** WORK TO COMPLETE **
What you return must match the entries word for word, minus the pictures.

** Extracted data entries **
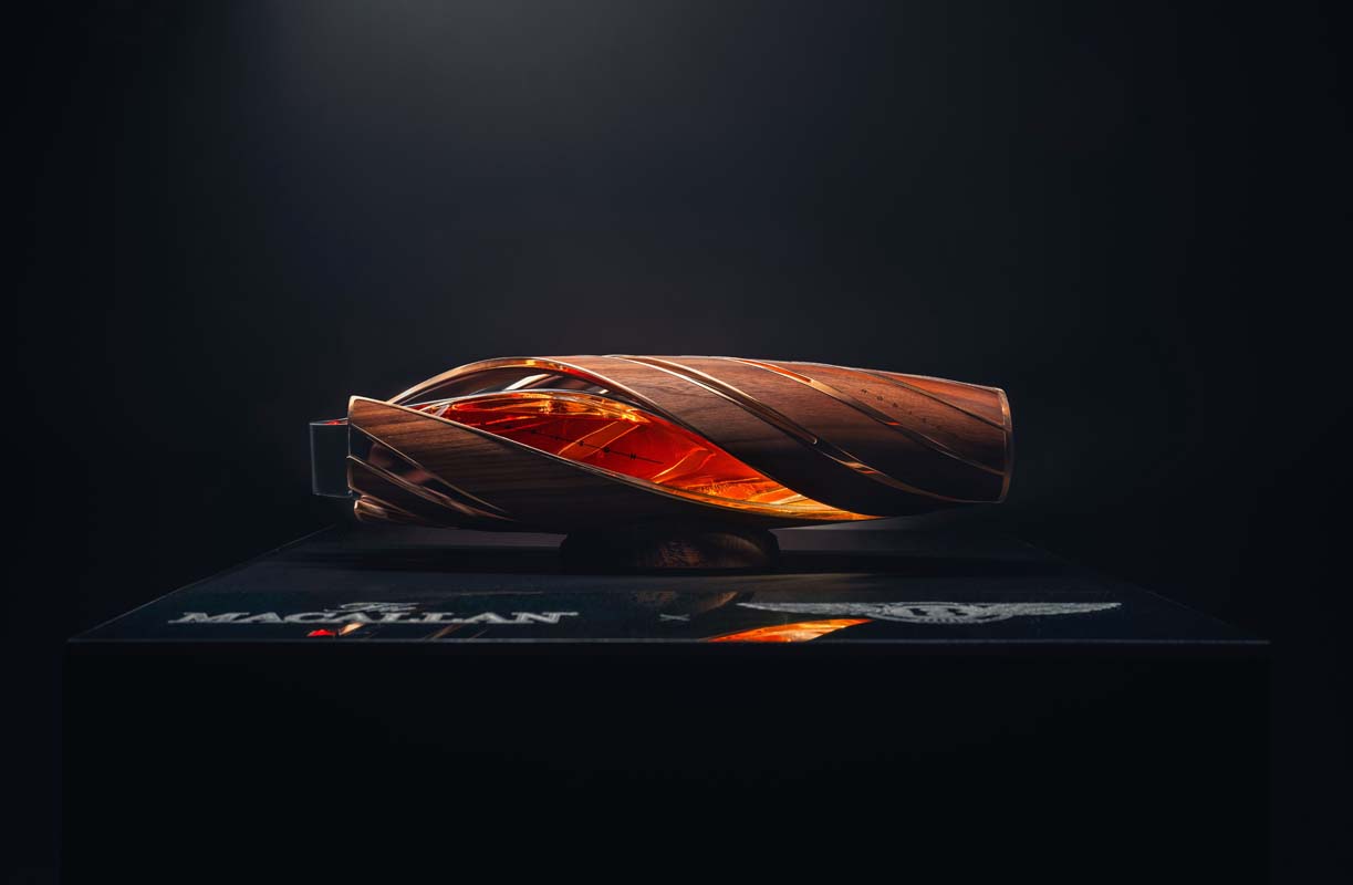 At the centre of the design is a hand-made glass bottle with an extraordinary 180-degree twist, representing the mastery of space and time achieved by The Macallan and Bentley Motors in creating the prototype.
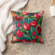 Vibrant Cherry & Floral Pattern on Teal Background Throw Pillow
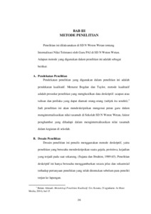 observasi, wawancara, serta dokumentasi. Sedangkan teknik analisis data menggunakan reduksi data,, penyajian data, serta penarikan kesimpulan. Hasil penelitian ini dapat disimpulkan bahwa: (1) Mekanisme Penanaman Nilai Toleransi di SDN Weton Wetan melalui Mata Pembelajaran; Melalui Kebijakan Sekolah; Melalui Pembiasaan; Melalui Perayaan Hari-Hari Besar Keagamaan; (2) Peran Guru Pendidikan Agama Islam adalah melalui nasihat, dengan menjadikan guru sebagai teladan bagi siswa, melalui pembiasaan, mengaitkan materi dengan nilai-nilai toleransi serta melibatkan guru dan siswa
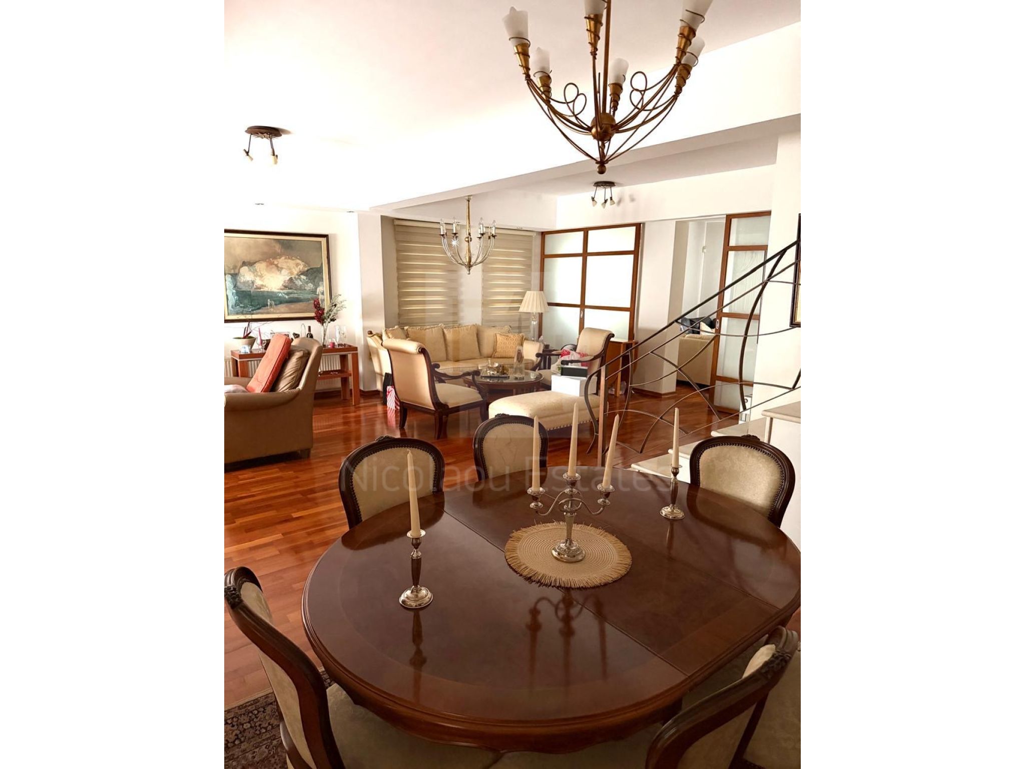 It consists of a spacious living room , with a dining area, a seperate kitchen with an informal sitting area. And a guests WC in the ground floor as well.
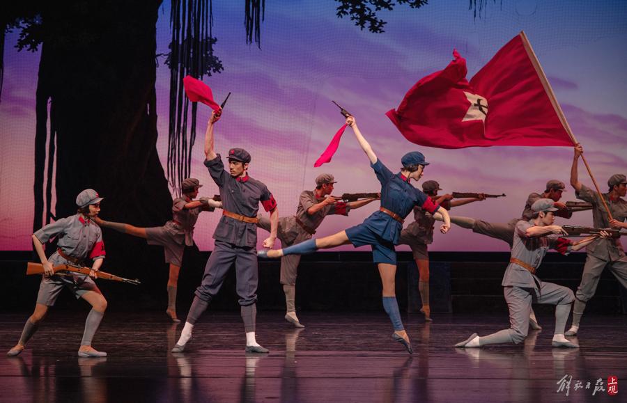 劇中角色瓊花“倒踢紫金冠”的造型,女戰(zhàn)士操練場(chǎng)上的颯爽舞姿,紅軍排隊(duì)沖鋒陷陣,舞臺(tái)上快速前進(jìn)的隊(duì)伍仿佛無(wú)窮無(wú)盡……這些載入中國(guó)芭蕾史冊(cè)的經(jīng)典場(chǎng)面如今看來(lái)依然震撼人心;而“萬(wàn)泉河水”,“娘子軍練歌”等經(jīng)典的旋律,也成為印刻在幾代中國(guó)人心中永不磨滅的記憶。
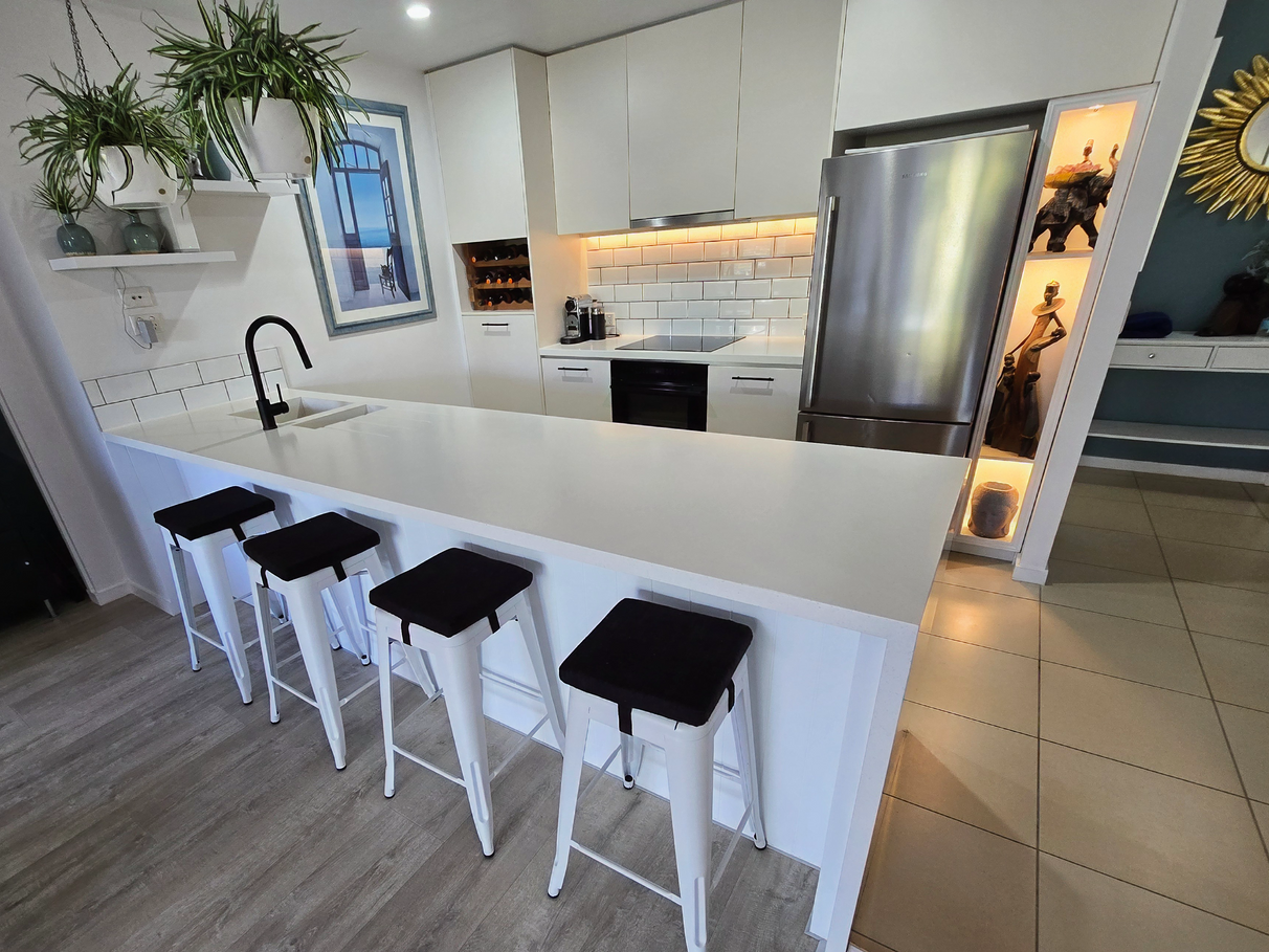 The gathering hub for family life and entertaining with guests flows seamlessly from kitchen, dining and living areas; perfectly connecting through sliding glass door onto easterly facing balcony with stunning outlook to Marina - ideal for sipping your morning cuppa or unwinding at your day’s end enjoying beautiful sunsets with your favourite cool beverage.
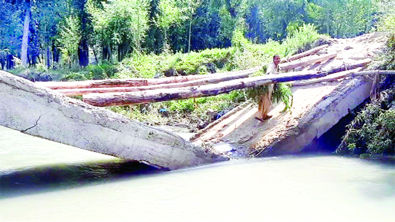 Baramulla, July 21: Two months have passed by but the villagers of Dungdara, Kreeri in district Baramulla are still waiting for the Rural Development Department (RDD) to repair a collapsed cross-over bridge that connects the village to its other side.
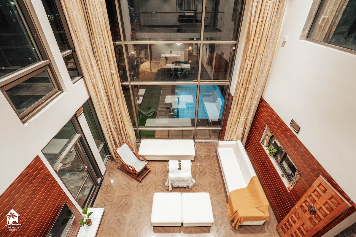 A rare 1-acre private estate in Alibag, Baagh Estate Villa offers a perfect balance of space, comfort, and curated experiences. Featuring a large 20x40 ft private pool, soaring 18-ft ceilings, and warm, boho-inspired interiors, this 4-bedroom villa is ideal for families, groups of friends, corporate offsites, and intimate celebrations seeking privacy and tranquility close to nature.
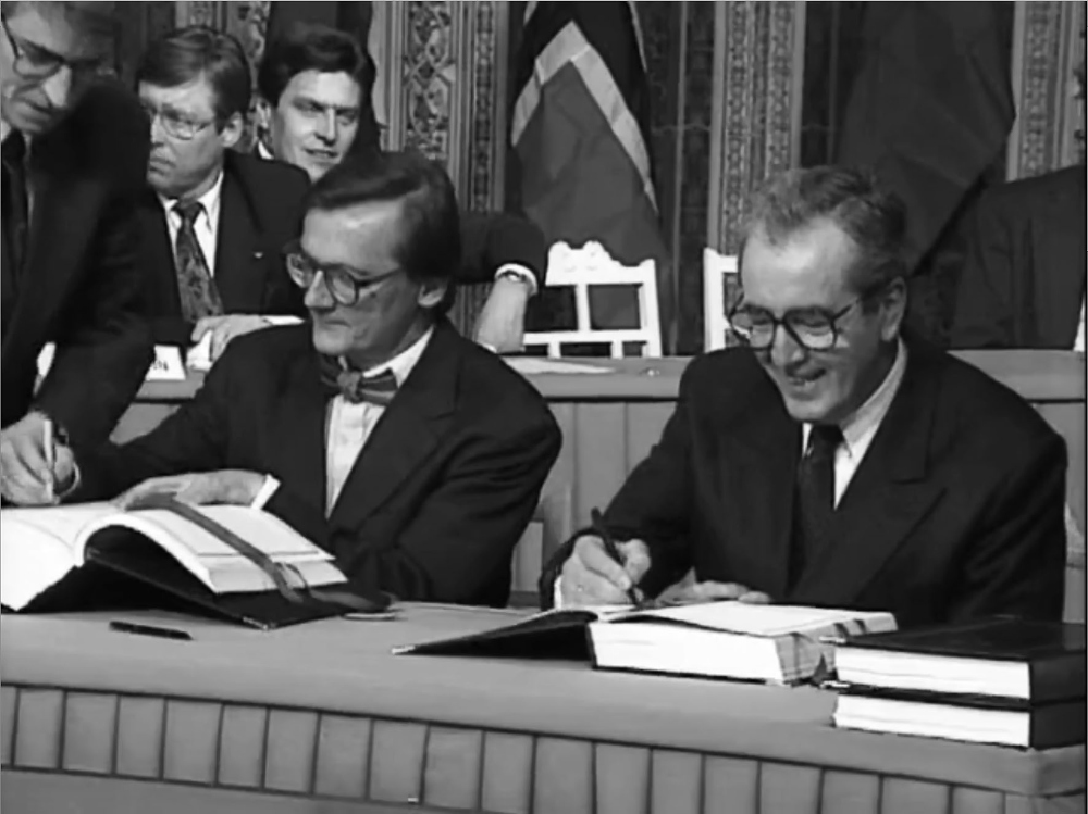 Der Jurist Wolfgang Schüssel (ÖVP) war ab 1989 als Bundesminister für Wirtschaftliche Angelegenheiten federführend an den Verhandlungen beteiligt, die am 1. Jänner 1995 zu Österreichs EU-Beitritt führten. Am 17. Juli 1989 überreichte Österreich seinen Antrag auf Mitgliedschaft in den Europäischen Gemeinschaften (EWG, EGKS, EURATOM). Am 2. Mai 1992 unterzeichneten der damalige Außenminister Alois Mock und Wirtschaftsminister Wolfgang Schüssel in Porto, Portugal, den EWR-Vertrag, der eine Teilhabe an den "4 Freiheiten" (Dienstleistungen, Güter, Kapital und Personen) vorsah; die Mitglieder waren aber noch nicht in den EU-Institutionen vertreten. Der Europäische Wirtschaftsraum trat mit 1. Jänner 1994 in Kraft und fungierte für Österreich als "Sprungbrett" zur später folgenden EU-Mitgliedschaft. "'Gemeinsam statt einsam' ist nach wie vor aktuell und trifft genau das, worum es geht", so Schüssel im Jahr 2019 zum Slogan der Informationskampagne im Vorfeld der Volksabstimmung über Österreichs EU-Beitritt am 12. Juni 1994. Von 1995 bis 2000 fungierte Schüssel als Bundesminister für auswärtige Angelegenheiten, von 2000 bis 2007 als österreichischer Bundeskanzler.
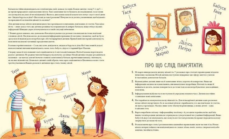 Вона неабияк допоможе вам, адже містить чітку інформацію, достосовану до можливостей розуміння кількарічної дитини. Підкаже, як тактовно розповідати про це малюкам. Спільне читання, оглядання чудових малюнків заспокоїть цікавість дитини, а батькам дозволить уникнути ніяковіння, коли син чи доня матимуть нові питання.
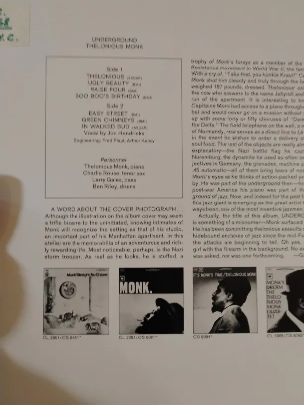 Selling a Thelonious Monk vinyl record, titled "Underground"! This record features tracks like Thelonious, Ugly Beauty, and Easy Street. A great addition for any jazz enthusiast!
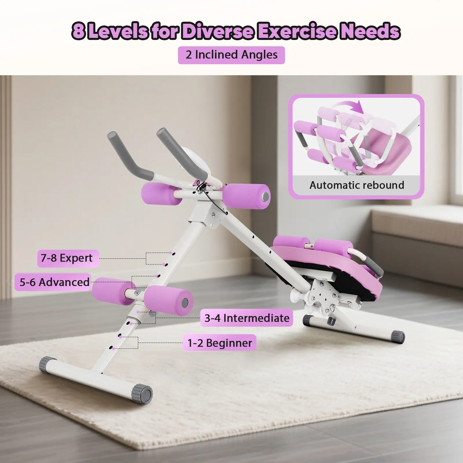 Adjustable Ab Trainer Machine: This ab crunch machine has 5 height settings to suit different training stages and meet advanced needs. Increasing the height setting gradually increases resistance, which better stimulates the muscles. It is suitable for use at home to support fitness and body shaping goals

** EXERCISE OUTPUT **
 At the centre of the design is a hand-made glass bottle with an extraordinary 180-degree twist, representing the mastery of space and time achieved by The Macallan and Bentley Motors in creating the prototype.
 Vibrant Cherry & Floral Pattern on Teal Background Throw Pillow
 observasi, wawancara, serta dokumentasi. Sedangkan teknik analisis data menggunakan reduksi data,, penyajian data, serta penarikan kesimpulan. Hasil penelitian ini dapat disimpulkan bahwa: (1) Mekanisme Penanaman Nilai Toleransi di SDN Weton Wetan melalui Mata Pembelajaran; Melalui Kebijakan Sekolah; Melalui Pembiasaan; Melalui Perayaan Hari-Hari Besar Keagamaan; (2) Peran Guru Pendidikan Agama Islam adalah melalui nasihat, dengan menjadikan guru sebagai teladan bagi siswa, melalui pembiasaan, mengaitkan materi dengan nilai-nilai toleransi serta melibatkan guru dan siswa
 It consists of a spacious living room , with a dining area, a seperate kitchen with an informal sitting area. And a guests WC in the ground floor as well.
 劇中角色瓊花“倒踢紫金冠”的造型,女戰(zhàn)士操練場(chǎng)上的颯爽舞姿,紅軍排隊(duì)沖鋒陷陣,舞臺(tái)上快速前進(jìn)的隊(duì)伍仿佛無(wú)窮無(wú)盡……這些載入中國(guó)芭蕾史冊(cè)的經(jīng)典場(chǎng)面如今看來(lái)依然震撼人心;而“萬(wàn)泉河水”,“娘子軍練歌”等經(jīng)典的旋律,也成為印刻在幾代中國(guó)人心中永不磨滅的記憶。
 The gathering hub for family life and entertaining with guests flows seamlessly from kitchen, dining and living areas; perfectly connecting through sliding glass door onto easterly facing balcony with stunning outlook to Marina - ideal for sipping your morning cuppa or unwinding at your day’s end enjoying beautiful sunsets with your favourite cool beverage.
 Baramulla, July 21: Two months have passed by but the villagers of Dungdara, Kreeri in district Baramulla are still waiting for the Rural Development Department (RDD) to repair a collapsed cross-over bridge that connects the village to its other side.
 A rare 1-acre private estate in Alibag, Baagh Estate Villa offers a perfect balance of space, comfort, and curated experiences. Featuring a large 20x40 ft private pool, soaring 18-ft ceilings, and warm, boho-inspired interiors, this 4-bedroom villa is ideal for families, groups of friends, corporate offsites, and intimate celebrations seeking privacy and tranquility close to nature.
 Der Jurist Wolfgang Schüssel (ÖVP) war ab 1989 als Bundesminister für Wirtschaftliche Angelegenheiten federführend an den Verhandlungen beteiligt, die am 1. Jänner 1995 zu Österreichs EU-Beitritt führten. Am 17. Juli 1989 überreichte Österreich seinen Antrag auf Mitgliedschaft in den Europäischen Gemeinschaften (EWG, EGKS, EURATOM). Am 2. Mai 1992 unterzeichneten der damalige Außenminister Alois Mock und Wirtschaftsminister Wolfgang Schüssel in Porto, Portugal, den EWR-Vertrag, der eine Teilhabe an den "4 Freiheiten" (Dienstleistungen, Güter, Kapital und Personen) vorsah; die Mitglieder waren aber noch nicht in den EU-Institutionen vertreten. Der Europäische Wirtschaftsraum trat mit 1. Jänner 1994 in Kraft und fungierte für Österreich als "Sprungbrett" zur später folgenden EU-Mitgliedschaft. "'Gemeinsam statt einsam' ist nach wie vor aktuell und trifft genau das, worum es geht", so Schüssel im Jahr 2019 zum Slogan der Informationskampagne im Vorfeld der Volksabstimmung über Österreichs EU-Beitritt am 12. Juni 1994. Von 1995 bis 2000 fungierte Schüssel als Bundesminister für auswärtige Angelegenheiten, von 2000 bis 2007 als österreichischer Bundeskanzler.
 Вона неабияк допоможе вам, адже містить чітку інформацію, достосовану до можливостей розуміння кількарічної дитини. Підкаже, як тактовно розповідати про це малюкам. Спільне читання, оглядання чудових малюнків заспокоїть цікавість дитини, а батькам дозволить уникнути ніяковіння, коли син чи доня матимуть нові питання.
 Selling a Thelonious Monk vinyl record, titled "Underground"! This record features tracks like Thelonious, Ugly Beauty, and Easy Street. A great addition for any jazz enthusiast!
 Adjustable Ab Trainer Machine: This ab crunch machine has 5 height settings to suit different training stages and meet advanced needs. Increasing the height setting gradually increases resistance, which better stimulates the muscles. It is suitable for use at home to support fitness and body shaping goals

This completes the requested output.